In Britain, action to reduce greenhouse gas emissions has had cross-party support for many years, floating above whatever other political storms have raged. Soon-to-be former prime minister Boris Johnson increased the 2030 emissions reduction target to 68% on 1990 levels just before the Cop26 summit in Glasgow, on the way to net zero emissions by 2050. It’s possible this might change under whoever the Conservatives elect to replace him, but in general the political pressure is to cut emissions faster not slower.
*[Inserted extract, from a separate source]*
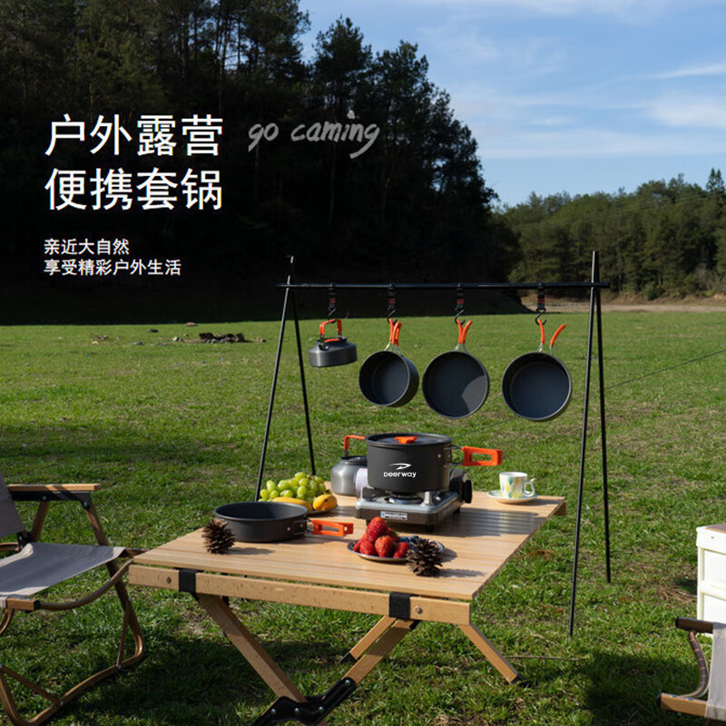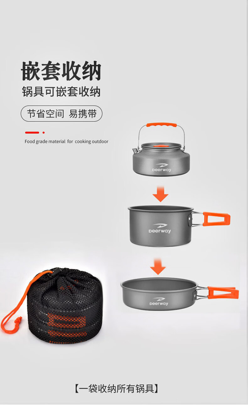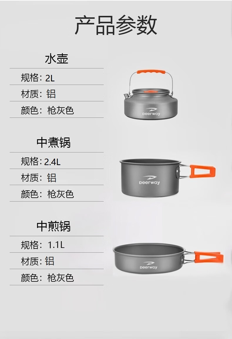 德尔惠 露营锅具三件套枪灰色DEHGJ-03

Companies are following suit, including oil and gas giants such as Shell which also intends to reach net zero by 2050. For Computer Weekly recently I looked at the software and data analytics required to track and reduce corporate emissions. While digital technology can only go so far – Shell also plans a big shift to renewable energy and to develop carbon capture – one report has suggested technology could cut emissions by a fifth in some sectors. Technology can also increase transparency, as the City of Reno in Nevada demonstrates with its emissions dashboard.